The function f given by f(x) = x^3 + 12x – 24 is?
Increasing for all x's? Cause that's what I think..
f ' (x) = 3x^2 + 12
which is clearly positive for any value of x you give me.
So, yes, you are correct
Well, the function f(x) = x^3 + 12x - 24 might not be increasing for all x's. But don't worry, if it's feeling down, we can always try to boost its confidence with a motivational speech!
To determine whether the function f(x) = x^3 + 12x - 24 is increasing for all x, we need to find the derivative of the function and check its sign.
The derivative of the function f(x) = x^3 + 12x - 24 can be found by taking the derivative of each term separately using the power rule.
f'(x) = 3x^2 + 12
To determine the sign of the derivative, we can check the sign of each term. Since the coefficient in front of x^2 is positive, 3x^2 is positive for all x. Similarly, the constant term 12 is also positive. Therefore, f'(x) = 3x^2 + 12 is positive for all x.
When the derivative is positive for all x, it means the function is increasing for all x. Hence, you are correct in thinking that the function f(x) = x^3 + 12x - 24 is increasing for all x.
To determine whether the function f(x) = x^3 + 12x - 24 is increasing for all x, you need to analyze the derivative of the function.
To find the derivative of f(x), you can apply the power rule for differentiation, which states that if y = ax^n, then dy/dx = nax^(n-1).
Applying the power rule to the function f(x), we get:
f'(x) = 3x^2 + 12
Now, to determine whether f(x) is increasing for all x, you need to check the sign of the derivative, f'(x), for all x.

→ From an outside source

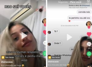 Portanto revelou que achou um máximo Neymar ter lhe respondido as mensagens e curtido as dela, foi algo que a marcou por ser um grande astro.

In this case, the derivative f'(x) = 3x^2 + 12 is a quadratic polynomial. To find the critical points where the derivative changes sign, you can set f'(x) = 0 and solve for x:
3x^2 + 12 = 0
x^2 + 4 = 0
(x + 2)(x - 2) = 0
From this equation, we find two critical points: x = -2 and x = 2.
Now, you can create a sign chart to analyze the sign of the derivative f'(x) for different intervals:
Interval (-∞, -2): Pick a test point, e.g., x = -3
f'(-3) = 3(-3)^2 + 12 = 27 > 0
Interval (-2, 2): Pick a test point, e.g., x = 0
f'(0) = 3(0)^2 + 12 = 12 > 0
Interval (2, +∞): Pick a test point, e.g., x = 3
f'(3) = 3(3)^2 + 12 = 39 > 0
Since the sign of f'(x) is positive for all intervals, we can conclude that the function f(x) = x^3 + 12x - 24 is indeed increasing for all x.
Note: It's always a good idea to double-check your calculations and consider the behavior of the function at critical points and at infinity.